The book is available to borrow and read for free online through Internet Archive.
Brother Eagle, Sister Sky: A Message from Chief Seattle with paintings by Susan Jeffers, 1991.
This is a picture book, but not one for very young children because of the serious subject matter. It’s a profound book with beautiful pictures, but before presenting it to children, adults should be sure that the children are old enough to understand the background of the book.
The book begins with some information about its background. It describes the variety of “Indian” (Native American) tribes that have lived in the Americas for thousands of years and how, after white settlers arrived from Europe, they were killed and pushed off their ancestral lands by the new arrivals. It’s historically true, but also dark subject matter, which is why it’s important for the children reading the book to be old enough to understand it.
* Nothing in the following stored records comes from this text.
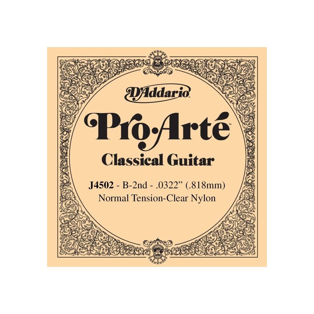 Cuerda Guitarra Clásica Daddario J4502 2ª. Cuerdas sueltas Guitarra Española Serie Pro Arte B-2 (Si) Nylon Tensión Media. Las cuerdas Pro-Arte son nuestro líder de ventas en todo el mundo y las mejores cuerdas D Addario para guitarra española. Todas las cuerdas Pro-Arte son clasificadas por una máquina láser muy sofisticada controlada por ordenador que realiza medidas de diámetro/tensión y control de calidad, asegurando un gran sonido y unos agudos precisos en cada juego. Las cuerdas graves Pro-Arte son entorchadas usando un cobre chapado en plata sobre un núcleo multi-filamentado de nylon para obtener un tono cálido y con mayor proyección. Características: Cuerda para guitarra clásica Tensión media Calibre: 032 Grosor: .82mm Pro-Arté Nylon Core Nylon plano clasificado por una máquina láser 2ª Si/B
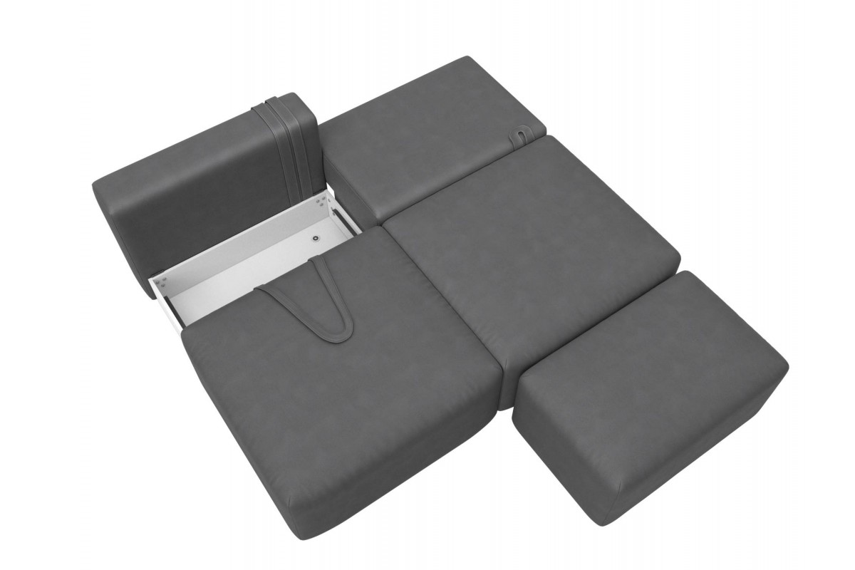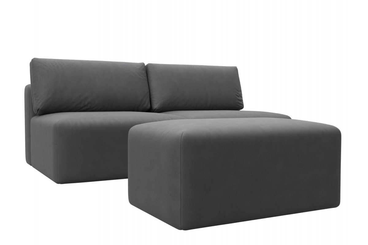 Диван прямой модульный с пуфом Лига-060 НПБ еврокнижка серый замша, артикул 10483074
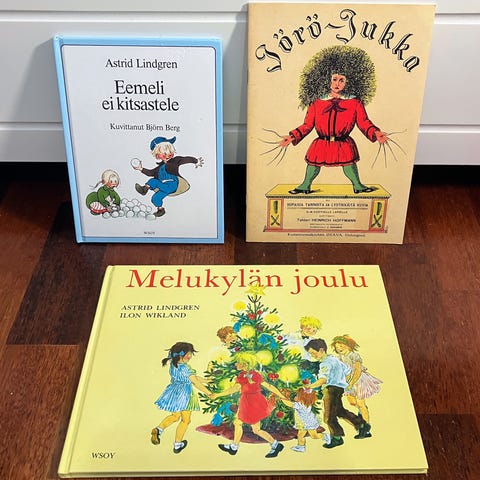 Kirjasarjan suomalainen toimittaja Aili Palmén, tekijätietoja kuvissa. Satukirjat vuosilta 1964-1966. Kirjat olleet kirjahyllyssä, joten haalistumaa kantissa.
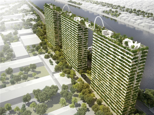 Vo Trong Nghia建筑事務所以其善用植物而聞名,他們設計的大型住宅方案“鉆石蓮花”可以服務720個家庭。小區包括三個獨立的公寓樓,他們通過一個橫跨三個建筑體量的屋頂花園相互連接。

Most of the book is the text of a speech made by Chief Seattle (who lived c. 1786 to 1866) to the Commission of Indian Affairs for the Territory and other government employees when the US government wanted to buy land from his tribe. The historical details concerning this speech from the mid-1850s are complicated, and accounts of it might not be completely accurate, and there is a note in the back of the book that addresses that. I consider the spirit of this speech something worth preserving, so I won’t get too hung up on that right now. I just mention it for the sake of people interested in going deeper into the history.
Susan Jeffers particularly wants readers to consider the environmental message of the speech and how relevant the message is today for a society that has endangered itself by placing a higher priority on the acquisition of land, resources, and wealth than on preserving the land and environment that makes life itself possible. This book was written in the early 1990s, and having been a child at that time myself, I know that these themes were increasingly becoming topics in schools and in children’s entertainment during that time. I’d like to point out that I, and others who are younger than me, have heard similar messages about environmental concerns from an early age. This has given us different priorities from earlier generations who did not, although it’s also worth pointing out that many of us came to care more about the environment as children because of the influence of adults who already did.
Chief Seattle questioned the concept of buying land because of the absurdity of buying aspects of nature, like the sky or rain. Land and nature had sacred spiritual meaning for Chief Seattle’s people.
Chief Seattle’s speech was full of poetic imagery, as he explained how his people felt like they were part of the land and it was part of them. He said that they looked on animals like they were brothers.
The land also connected them to their ancestors and the memories of their people.
Chief Seattle questioned what would happen in the future, when the land was filled with people and all of the animals either killed or tamed, painting a bleak picture of a land deprived of life.
The speech ended with the thought that people didn’t “weave the web of life, we are merely a strand in it.” Chief Seattle called on the people wanting to buy the land to love it, care for it, and preserve it because “Whatever we do to the web, we do to ourselves.”
The environmental themes of the message are poignant for modern times because people have become increasingly aware of the consequences of environment pollution and careless use of natural resources.